Rap, on the other hand, seems to be more about the me, me, me. Lyrics, rhymes, and limericks offering negative stimulus to the young. The beats are lower in frequency creating a deeper hypnotism within the dancers. Originating from the crotch, so to speak, and staying there. Rising no higher.

Today, using computers, anyone can create beats and sounds, mix them together using the basic song structures without knowing any theory or putting in the practice necessary to master an instrument. That's just in a pop culture sort of sense. Surface garbage that keeps us from looking deeper into ourselves and others.

Then there is the music in movies and TV. For the most part it's classical in its approach. Causing all kinds of emotional value to enhance the visuals on the screen.
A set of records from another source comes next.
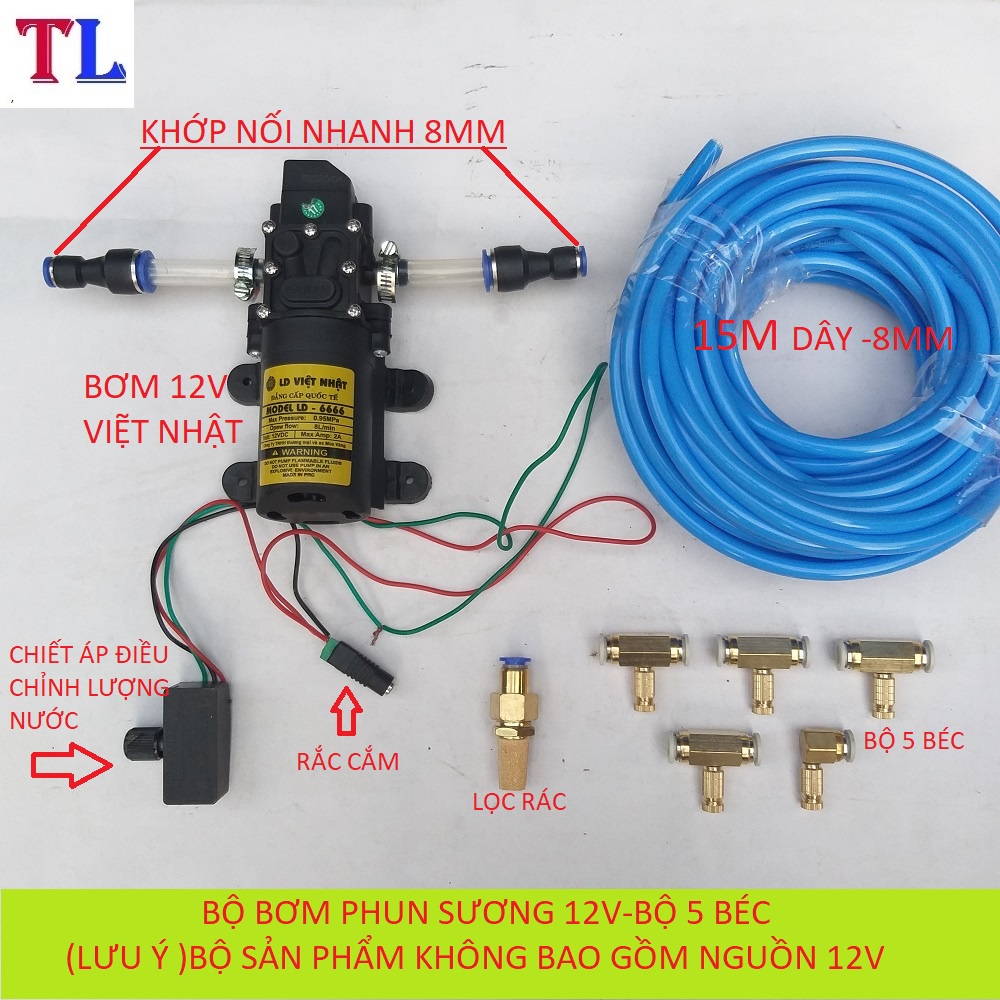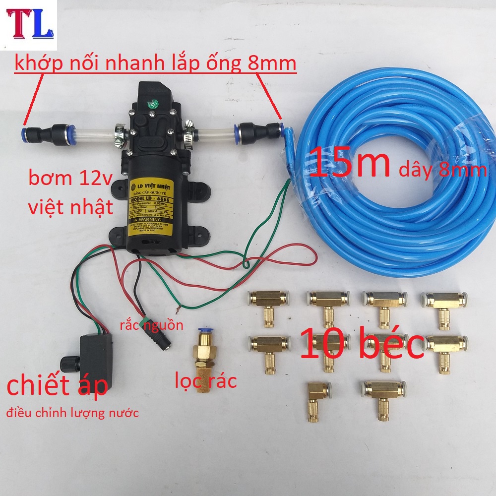 Bộ máy bơm phun sương ,tưới lan , làm mát 5 béc đến 30 béc , máy bơm mini 12v( bộ không nguồn)
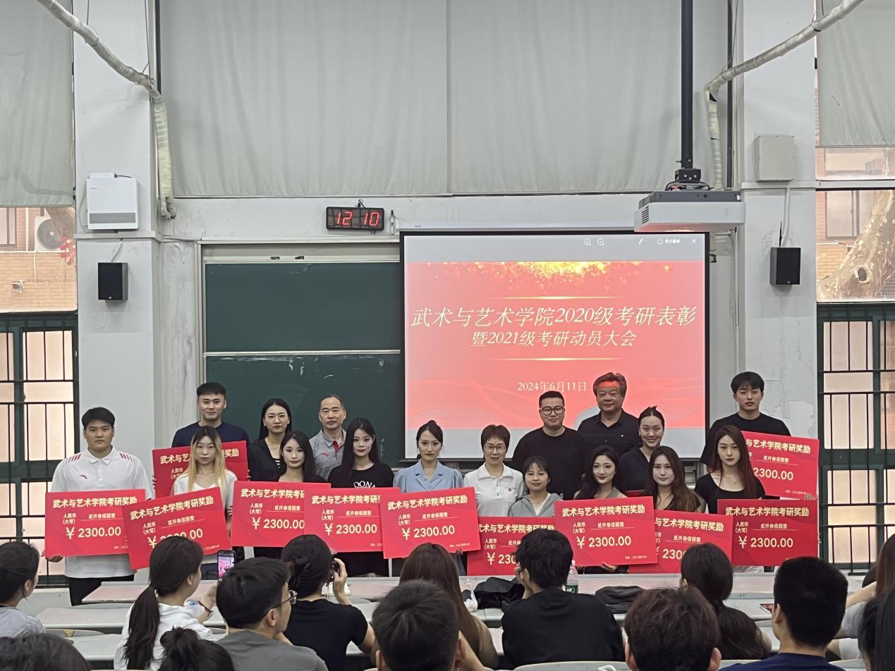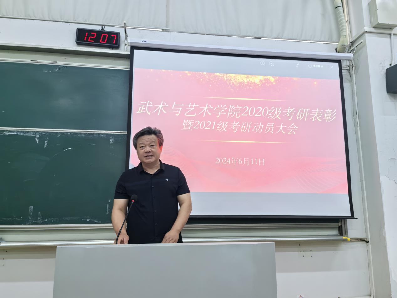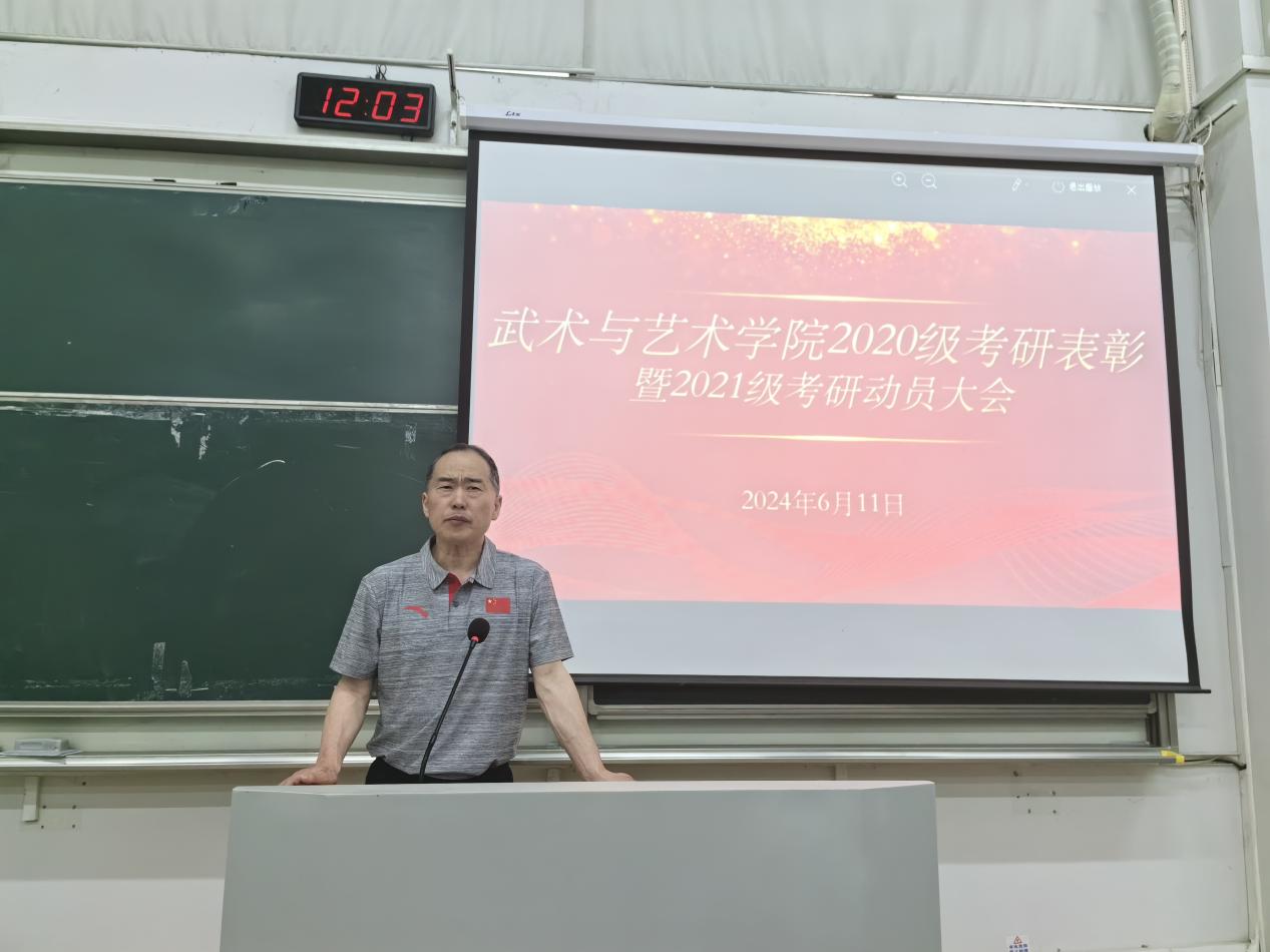 2024年6月11日中午,武术与艺术学院于教学实验楼阶梯教室三举行2020级考研表彰暨2021级考研动员大会。学院党总支书记叶瑛、党总支副书记杜家俊、副院长唐芒果、辅导员常青、陆丹和2020级拟录取研究生以及2021级全体学生参加了此次会议。会议由党总支副书记杜家俊主持。
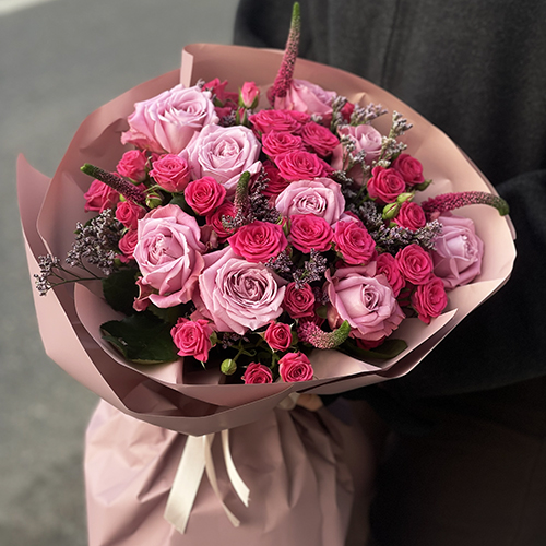 Букет "Малиновый вечер" из кустовых малиновых роз, вероники, лимониума и роз Меритим
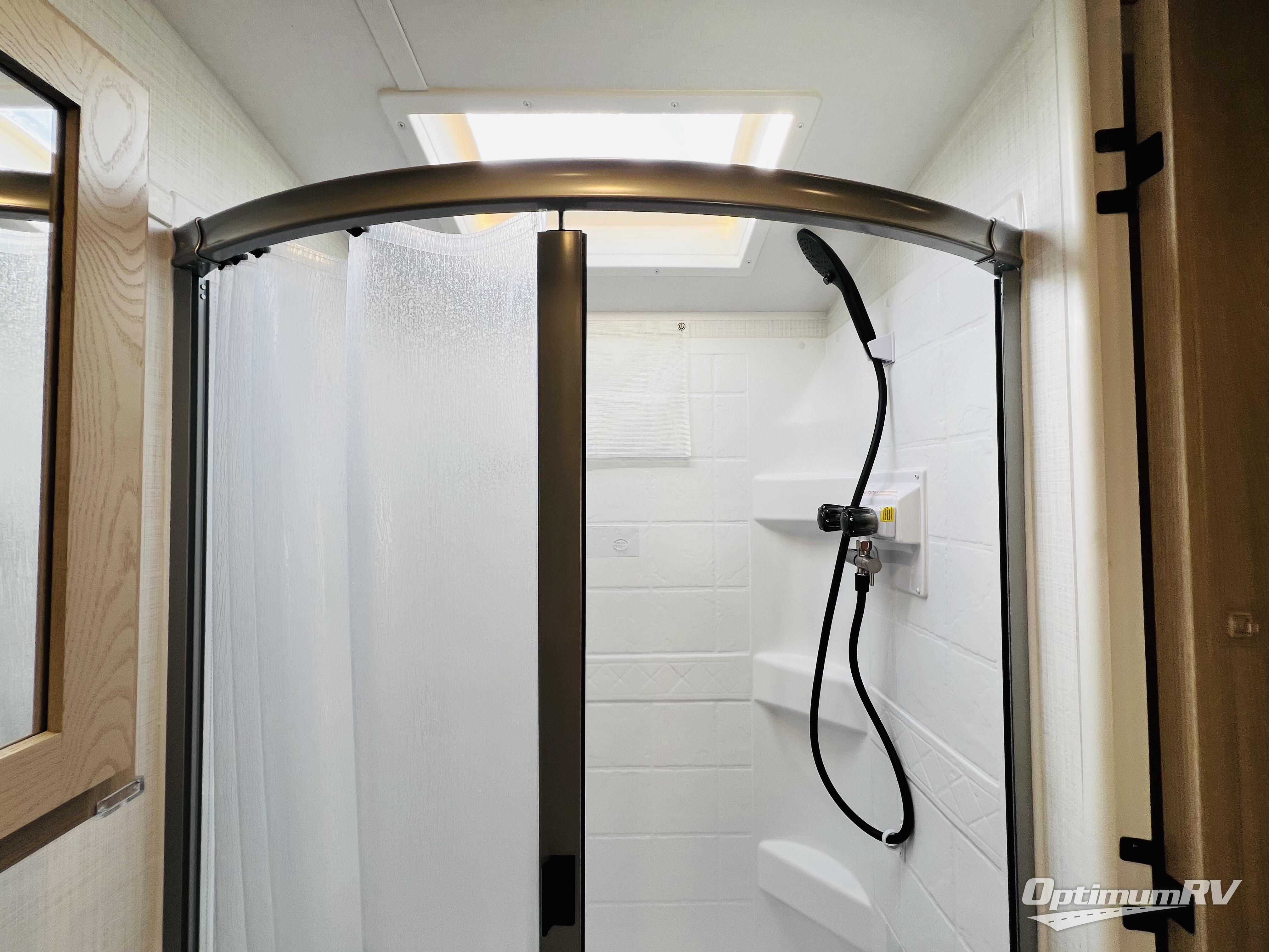 This travel trailer will feel more like home with its front bedroom and walk-around full-size bed. You'll enjoy the 32" 12V TV as you relax on the 72" sofa with a table and cupholders. The full rear bath includes a spacious shower to clean up in each day and there is a linen closet for clean towels. When you're ready to prepare dinner you'll have a three burner cooktop and microwave oven indoors, and a griddle outdoors! And don't forget the exterior storage allows you to bring along beach toys and tackle boxes. The optional Power Package available on this model includes three 200W solar panels, a 30 Amp solar charge controller, two Mastervolt smart remotes, and more off-grid features!
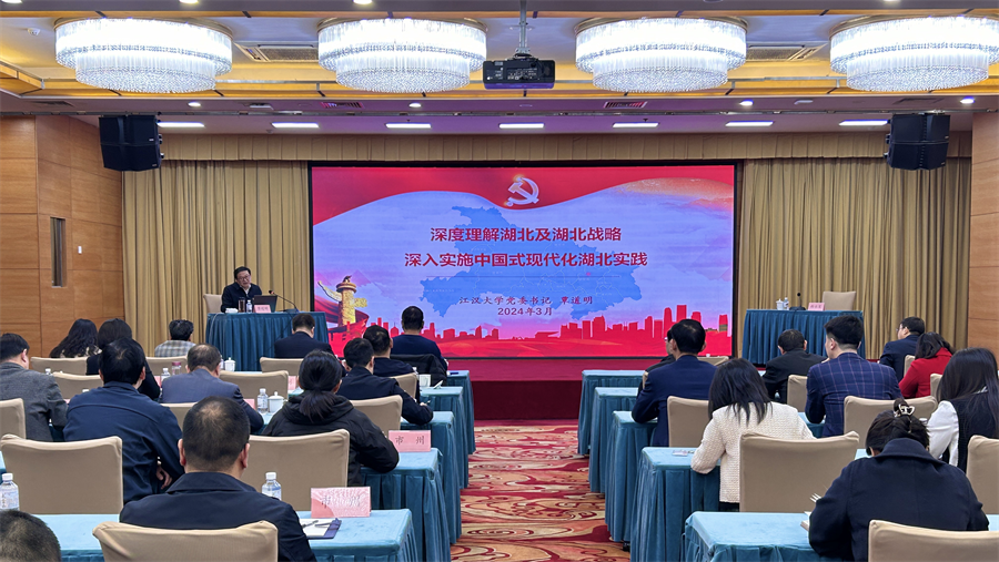 3月26日,省驻京单位党委在北京湖北大厦举办湖北省发展战略宣讲报告会。江汉大学党委书记覃道明作宣讲辅导报告。省驻京办党组成员、副主任韩永发主持会议。
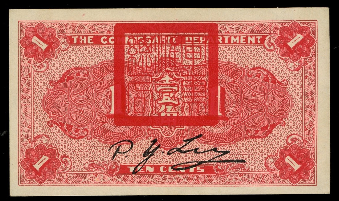The Commissariat Department, 10 cents, 1925, remainder, red and light blue, ship at centre,
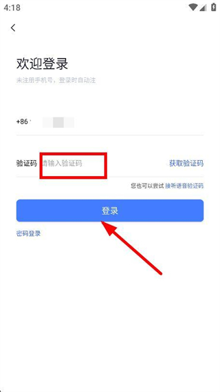 4、填写收到的短信验证码,点击登录,完成账号登录。
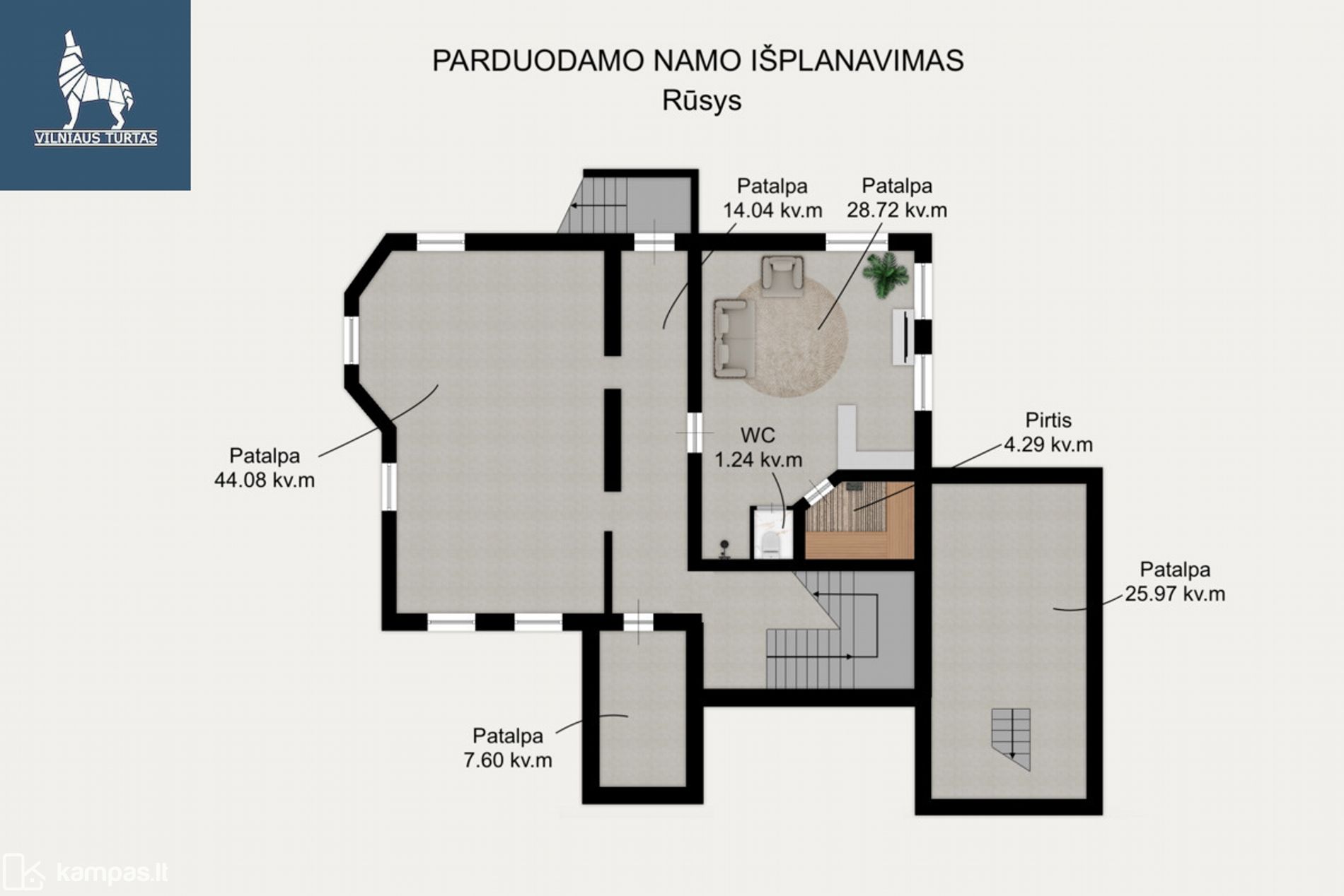 ✓ Didelis rūsys su pirtimi, wc, dušu ir erdve daiktams, poilsiui ar pramogoms.

Star Wars would be a shitty movie without the genius of John Williams.....
 

 

https://youtu.be/bnlvPoDU5LY

 

Good point. I notice the difference in 'quality' between what is called 'pop' music on the charts compared to the music in the movies. Music seems to be more thoughtful when it's combined with film. It seems like the movie itself dictates the musical value. Where as with a music video it's the music which dictates the images. Or it's supposed to. I remember a time when just listening to music brought its own imagery into the mind. Now, without a video a song has no meaning. Which begs a question or two? How much control do today's artists get in their own marketing value? Does an artist get to convey his/her own meaning into the music anymore?